Sisters? Or Distant Cousins? : How are Allergies and Asthma Related?Posted on August 15, 2012 by Barbara Cybart in Introductory Topics
An asthma attack is an airway obstruction, characterized by laboured breathing, wheezing, coughing and tightness in the chest triggered by hyperreactivity to a stimulus. Each asthmatic has an individual set of triggers which can be classified under two broad categories: symptom or inflammatory triggers. Symptom (non-allergic) triggers such as, smoke, exercise, and cold air, usually do not cause inflammation. Whereas inflammatory (allergic) triggers, for example, dust mites, animal dander, pollen, viral infections, certain air pollutants, moulds and cockroaches can cause inflammation of the lung’s airways or tightening of the airways’ muscles. So, allergies and asthma are related through an allergic reaction being able to trigger an asthma attack.
“Approximately 30% of the Canadian population has allergies and 7% has asthma, therefore it is likely that the two demographics overlap.”
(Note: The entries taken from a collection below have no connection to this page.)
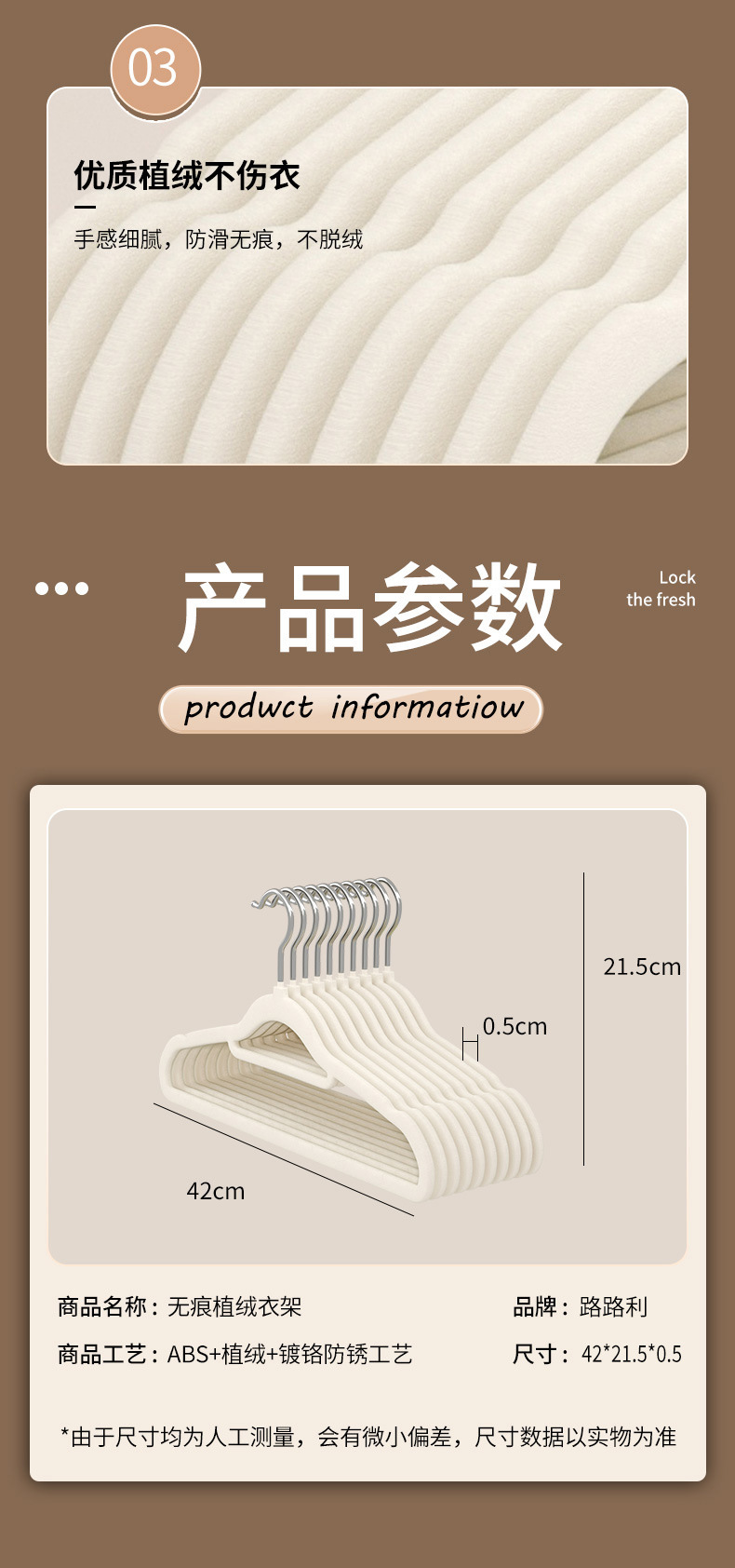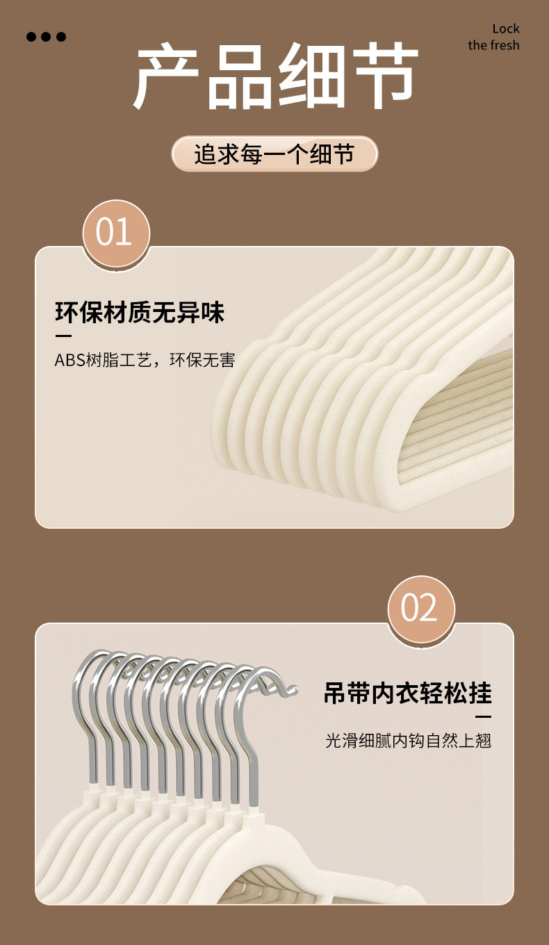 【29.9元20个植绒衣架】ZJ家用挂衣栏 植绒材质 防滑无痕 不鼓包 防肩角晾衣架干湿两用衣挂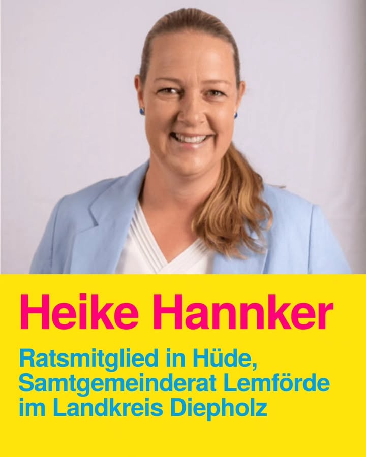 Wir stellen heute unsere kommunale Heldin Heike Hannker vor! 💛 Als Ratsmitglied in Hüde und Mitglied im Samtgemeinderat Lemförde im Landkreis Diepholz setzt sich Heike für spürbare Investitionen in Infrastruktur, Bildung, Sport und Feuerwehr ein – Dinge, die die Menschen im Alltag direkt merken. 💪 👉 Du möchtest wie Heike ein Vorbild in deiner Gemeinde werden? Dann kandidiere bei der #kommunalwahl2026 für die Freien Demokraten und bring dich aktiv ein! #kommunalehelden #lemförde #diepholz #niedersachsen fdp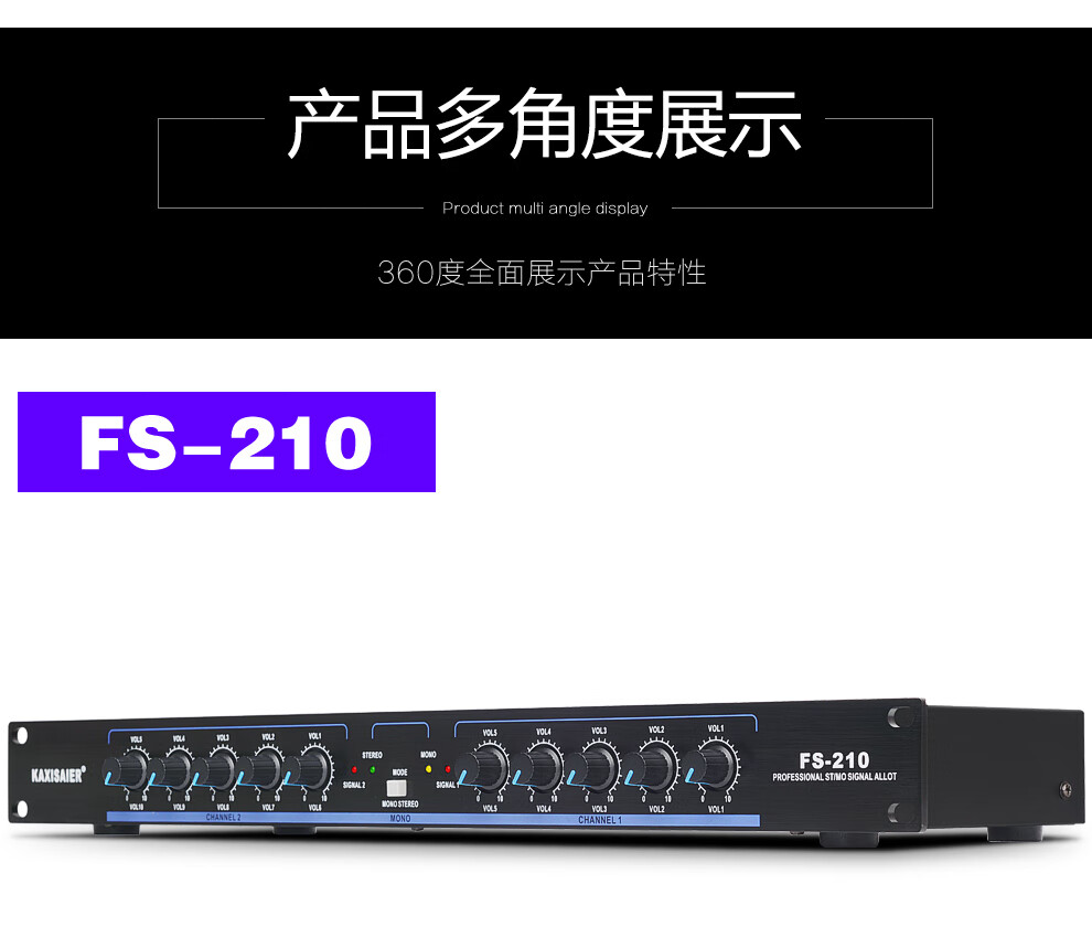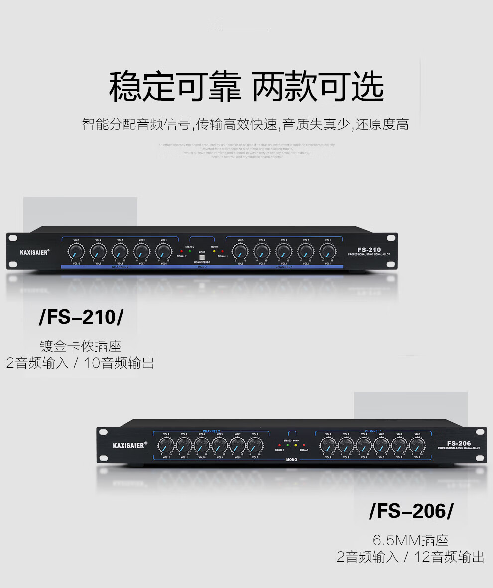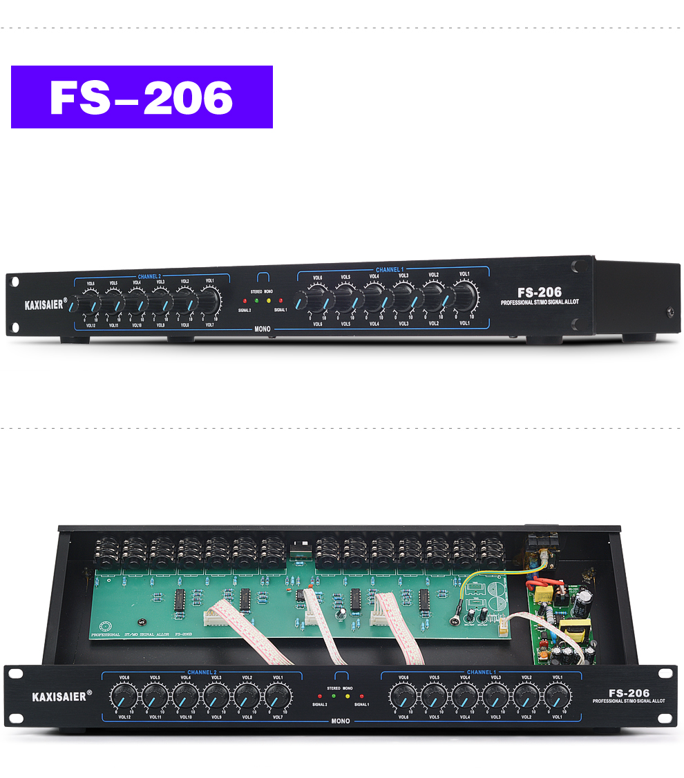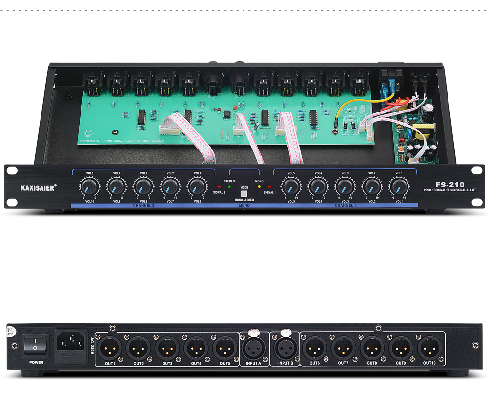 KAXISAIER audio signal distributor 2-in-10-out gold-plated XLR stage line array performance multi-amplifier splitter FS-206 12-way 6.5 audio port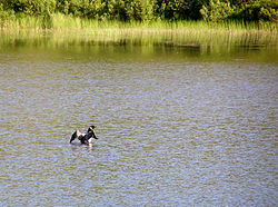 Other common mammals are red foxes (filling the scavenger niche, especially around camp sites), beavers (in inland lakes and ponds), red squirrels (everywhere), snowshoe hares, and otters. Loons, eagles, and ospreys nest on the island, and a large variety of songbirds, woodpeckers, and aquatic birds (especially gulls and ducks) will be seen. Painted turtles, garter snakes, and a few varieties of amphibians are common. Northern pike are plentiful in most of the inland lakes, along with varieties of trout, perch, walleye, and other sport fish. Mosquitoes, no-see-ums, and a few varieties of biting flies are unfortunately abundant, though the extent of these nuisances varies year to year, by season, and from one locale to another. Insect repellent is essential, and a face net will provide welcome relief when the bugs seem intent on driving you crazy even when your bug dope prevents them from landing. There are bees on the island as well.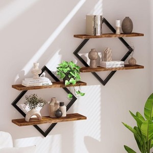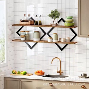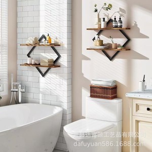 跨境铁木结合支架壁挂式香薰展示架双层墙面杂物收纳架实木储物架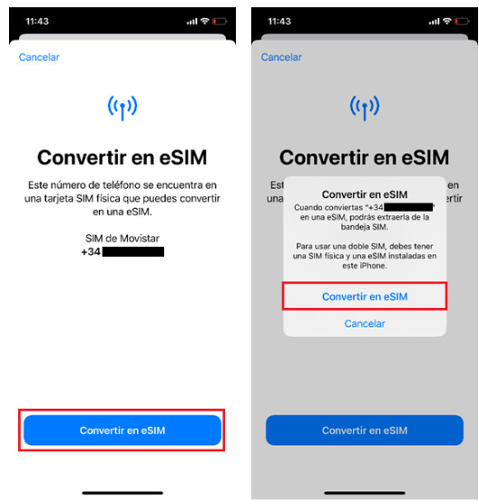 Una vez seleccionada la opción "Convertir en eSIM", se abrirá una pantalla indicando la información de la línea que se va a pasar a formato eSIM. Volvemos a pulsar en Convertir en eSIM

Allergic asthma, as mentioned above, can be set off by environmental airborne allergens such as pollen, dust, moulds, and animal dander. Depending on the allergen trigger, people with allergies and asthma may have a seasonal or a year round symptom pattern. Seasonal allergies and asthma are triggered by wind pollinating plants including trees, grasses and weeds. Depending on the plant the pollination season is different. Trees can start pollinating as early as January, if winter weather beaks and continue until May. Grasses begin pollinating in April and it lasts through the summer. Finally, weeds start pollinating in the summer and continue well into autumn. The severity of allergies and asthma depends on the amount of pollen the plants produce which in turn, relies on the weather; plants produce more pollen in warmer, windier weather. The easiest way to treat allergies and asthma is to avoid the allergen. Therefore, it is essential to be aware of which months cause the worst allergies and asthma symptoms. While staying indoors would benefit allergies and asthma symptoms, it would be impossible to do so and lead a healthy lifestyle and be active outdoors. Consequently, allergies and asthma need to be controlled by a combination of allergy and asthma medication in order to be able to participate in spring and summer outdoor activities. If, the allergy and asthma medication be ineffectively controlling the symptoms of allergic asthmatics, long term treatment such as allergy desensitization injections, should be considered. Allergy injections can give long term and often permanent control of allergies and asthma symptoms, but they can only be prescribed by a doctor specialized in allergy treatment.
Approximately 30% of the Canadian population has allergies and 7% has asthma, therefore it is likely that the two demographics overlap. Thus, allergies and asthma are related since allergies do trigger inflammatory asthma attacks, especially with regards to seasonal allergies and asthma, therefore they are more likely to be step siblings than sisters or distant cousins.